ISTANBUL (Reuters) - Ministres des Finances et banquiers centraux du G20 se réunissent à Istanbul lundi et mardi pour coordonner leurs actions en faveur de la croissance mondiale, une tâche difficile au vu des situations économiques contrastées des uns et des autres et des politiques monétaires divergentes qui en résultent.
Aux inquiétudes sur la capacité de l'économie américaine à tirer le reste du monde s'ajoutent les interrogations sur les effets de la chute des cours du pétrole et de l'appréciation du dollar, sans parler du regain de tension autour de la dette grecque après l'arrivée au pouvoir de la gauche radicale aux élections législatives du 25 janvier.
"Les enjeux sont considérables", affirme Christine Lagarde, la directrice générale du Fonds monétaire international, dans un blog posté vendredi. "Si l'action n'est pas au rendez-vous, le supertanker de l'économie mondiale risque de ne pas pouvoir se dégager des bancs de sable de la croissance poussive et de la faible création d'emplois."
Lors d'une conférence dimanche, le vice-Premier ministre turc Ali Babacan a affirmé que la présidence turque du G20 aurait pour priorités de relancer la croissance mondiale et de donner aux pays en développement une plus grande voix au chapitre.

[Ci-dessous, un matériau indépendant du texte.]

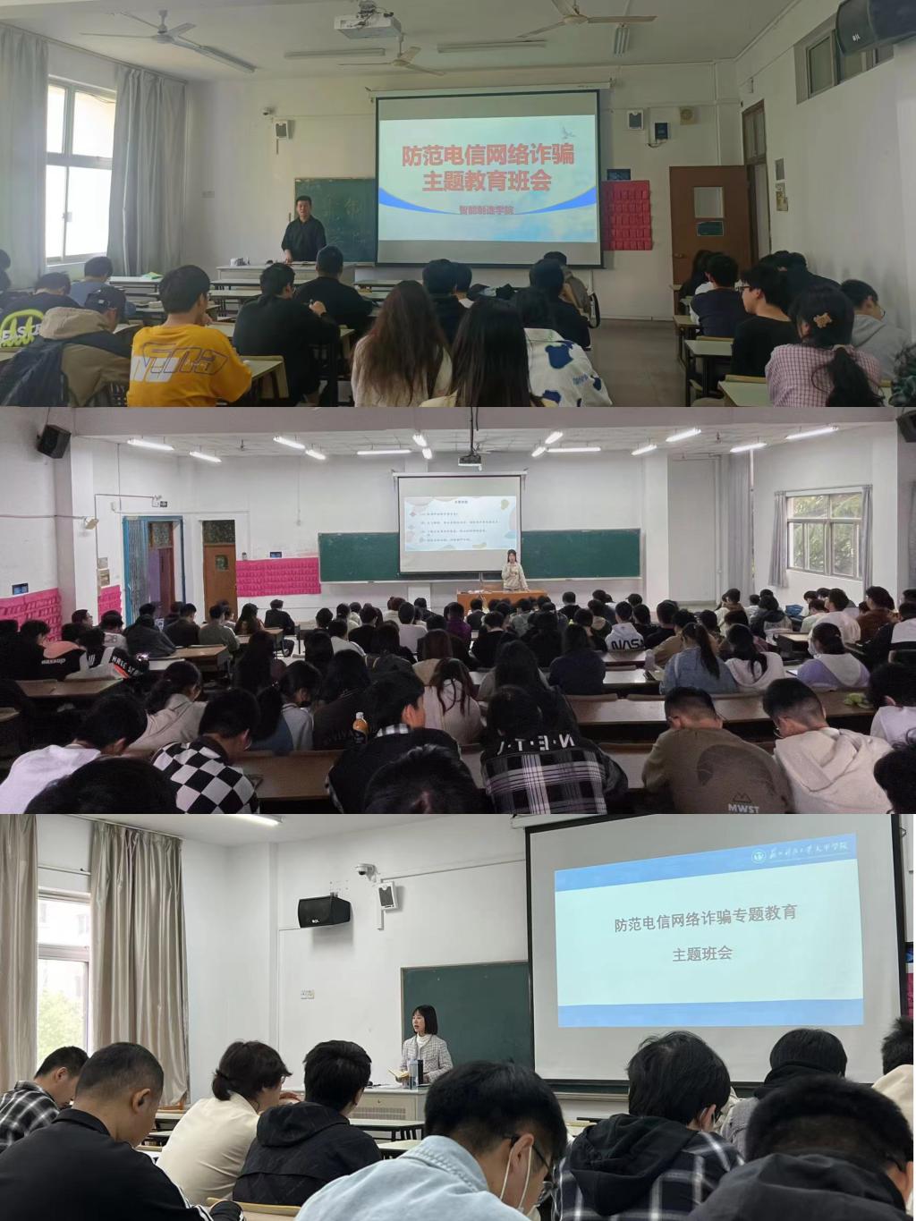 为进一步加强学生防范诈骗安全教育,提高同学们防范、识别网络电信诈骗意识,维护人身财产安全,提升自己保护能力,预防违法犯罪发生,智能制造学院在各年级中积极组织开展"防范电信网络诈骗”主题教育班会活动。
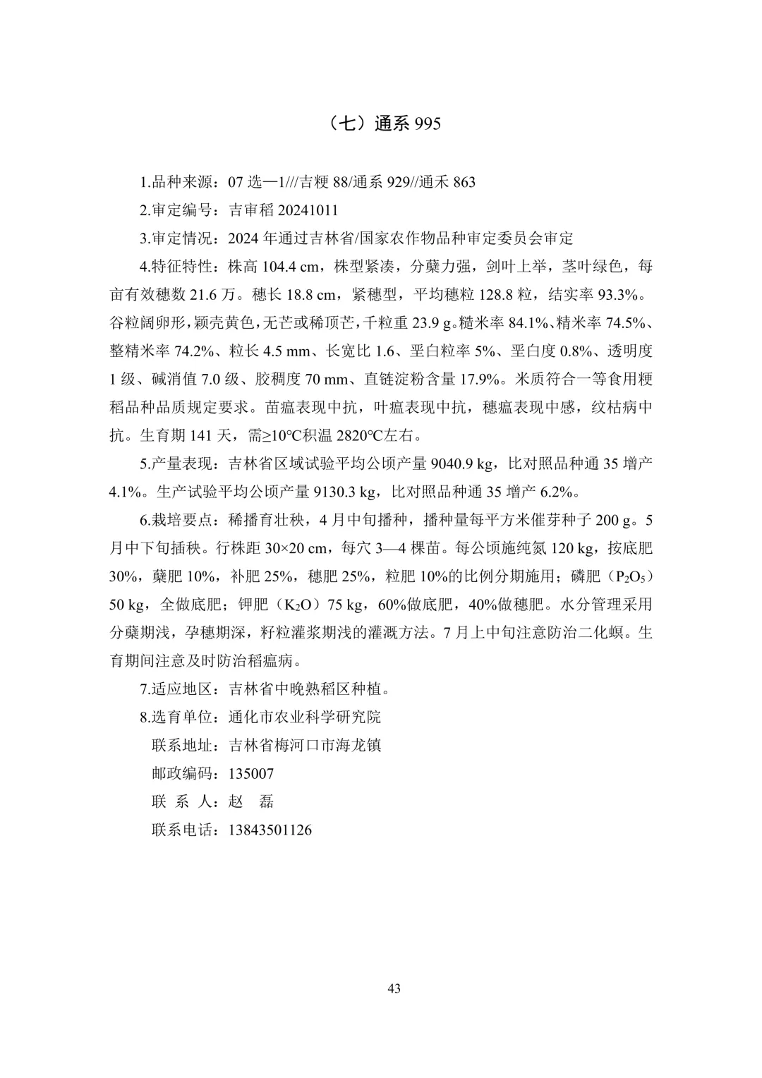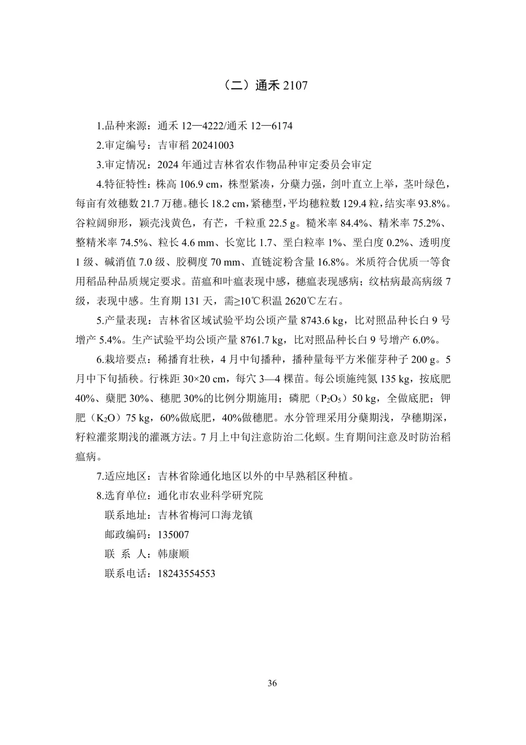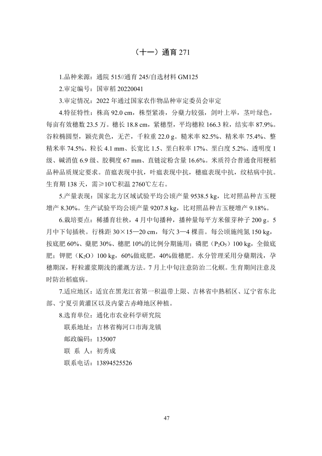 中晚熟区(6 个):通系 995、通禾 8501、吉农大 787、吉 粳 558、通育 271、九稻 87。

UN "PLAN D'ACTION" RESTREINT
Le secrétaire américain au Trésor, Jack Lew, a affirmé la semaine passée que les Etats-Unis ne pouvaient être "le seul moteur de croissance" et un responsable américain a indiqué que Washington ferait passer le message à Istanbul que l'Europe doit en faire plus.
Relancer la croissance mondiale sera au coeur des préoccupations à Istanbul, a déclaré de son côté le ministre canadien des Finances, Joe Oliver, en présentant comme des risques majeurs la stagnation en zone euro, le ralentissement de la croissance chinoise et indienne ainsi que les crises géopolitiques en Ukraine, en Irak et en Syrie.

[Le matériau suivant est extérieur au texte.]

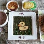 5.26早餐:红豆粥,煎鱼,阿姨(芝士片,肉松,蔓越莓),弥猴桃,小鸭子(芝士片,胡萝卜,黑巧,青瓜皮,海苔)
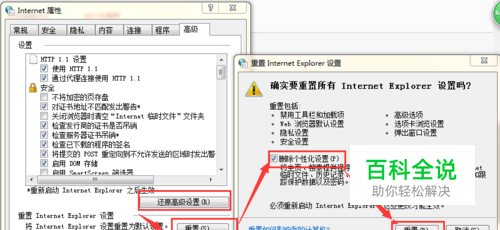 点击【重置】--在弹出窗口勾选【删除个人设置】-点击【重置】重置完成后点击确定,关闭重新打开浏览器测试即可。
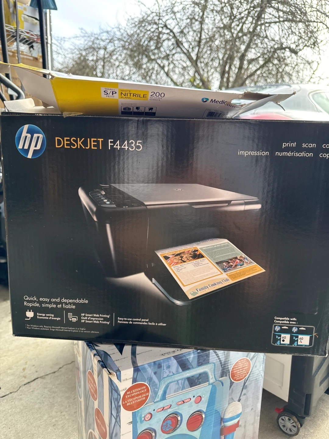 HP DeskJet F4435 all-in-one printer. It prints, scans, and copies documents. Get started right away with simple, straightforward setup. This unit is ENERGY STAR qualified.
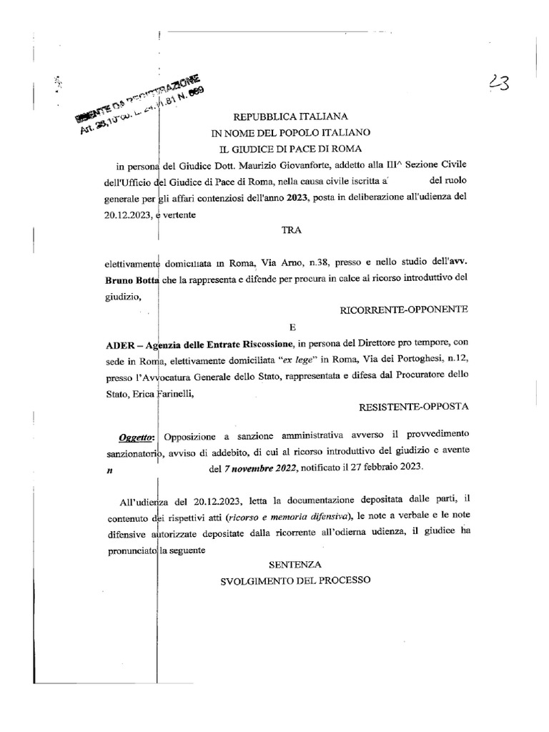 Salva 1 Sentenza GDP Roma per dopo
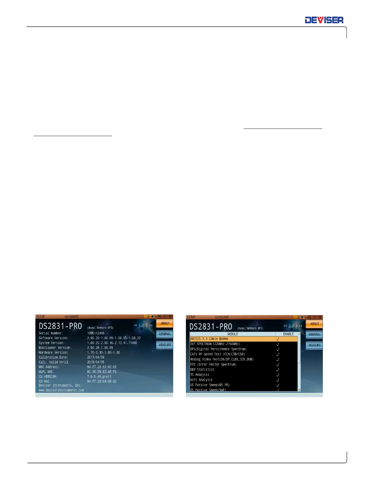 instrument. However, to enable a purchased option in the field, scroll to page 2 of the About screen (below
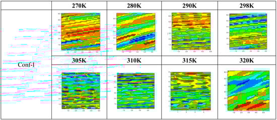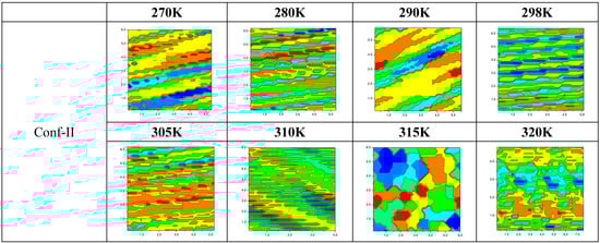 In Figure 5, the last frames of the MD production run at different temperatures are considered, and their thicknesses are compared. For the Lc phases at 270K and 280K, large structures, valleys and peaks are seen at the surface and extend over the whole membrane. For the solid gel phases (290–305K), systematic patches are seen in these structures over the whole surface. The plots at 290K confirm the different interaction of both conformers with the environment; it is clear that Conf-II in a rather broad membrane has the possibility to be only slightly tilted with respect to the z-axis, while Conf-I in a less inflated membrane tends to be more parallel to the surface. For Conf-I, both the amino and carbonyl groups are located deeper in the membrane, while for Conf-II, the amino group interacts with the high-headgroup-density region, and the carbonyl oxygen is found closer to the membrane center.
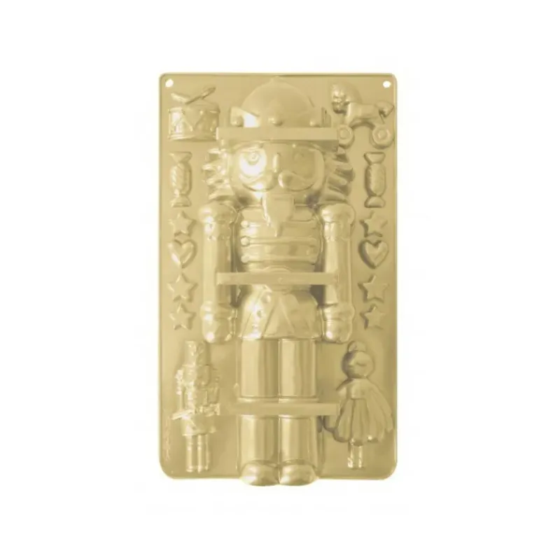 Retrouvez une magnifique réplique du célèbre et traditionnel Casse-Noisette de 33 cm, accompagné de cavités en forme de danseuse, de bonbon, de tambour, de cheval à bascule, d’étoile et de cœur.

"L'Amérique porte la croissance mondiale pour le moment mais cela ne peut durer", a-t-il ajouté.
L'Allemagne devrait répondre que sa demande intérieure en hausse et ses projets d'investissements publics attestent de sa bonne volonté, selon des sources européennes au fait des préparatifs de la réunion.
Ali Babacan entend rappeler les membres du G20 à leurs engagements précédents, une stratégie qu'il résume par l'expression "Tenez parole ou expliquez-vous".
Lors de leur sommet de novembre en Australie, les dirigeants du G20 s'étaient entendus sur un "Plan d'action de Brisbane" comportant un millier d'engagements, avec pour objectif d'ajouter plus de 2.000 milliards de dollars à l'économie mondiale et de créer des millions de nouveaux emplois pendant les quatre prochaines années.
Selon des sources européennes, ces engagements ambitieux devraient être réduits à cinq ou dix priorités par pays à la réunion d'Istanbul afin de pouvoir mieux en vérifier la mise en oeuvre.
Intervenant comme Ali Babacan à la conférence de l'Institut de la finance internationale (IFF), le président de la banque suisse UBS, Axel Weber, a plaidé en faveur d'un rôle accru du secteur privé, seul à même selon lui de financer les quelque 60.000 à 70.000 dollars de dépenses d'infrastructures qu'il faudra engager d'ici 2030 pour favoriser la croissance.
Le durcissement des exigences de fonds propres limitent la capacité des banques à investir et les instances de régulation devraient se demander "si elles ont bien calibré la chose", a dit l'ancien patron de la Bundesbank.
"Mon message principal aux responsables politiques ne sera pas très aisé - ne travaillez pas contre le secteur privé, travaillez avec lui".
POLITIQUE MONÉTAIRE ASYNCHRONE
Le G20 avait mis au point un plan mondial de relance pendant la crise financière de 2007-2009 mais la tâche est plus ardue à présent en raison des politiques monétaires divergentes, qui entraînent des turbulences sur les marchés financiers.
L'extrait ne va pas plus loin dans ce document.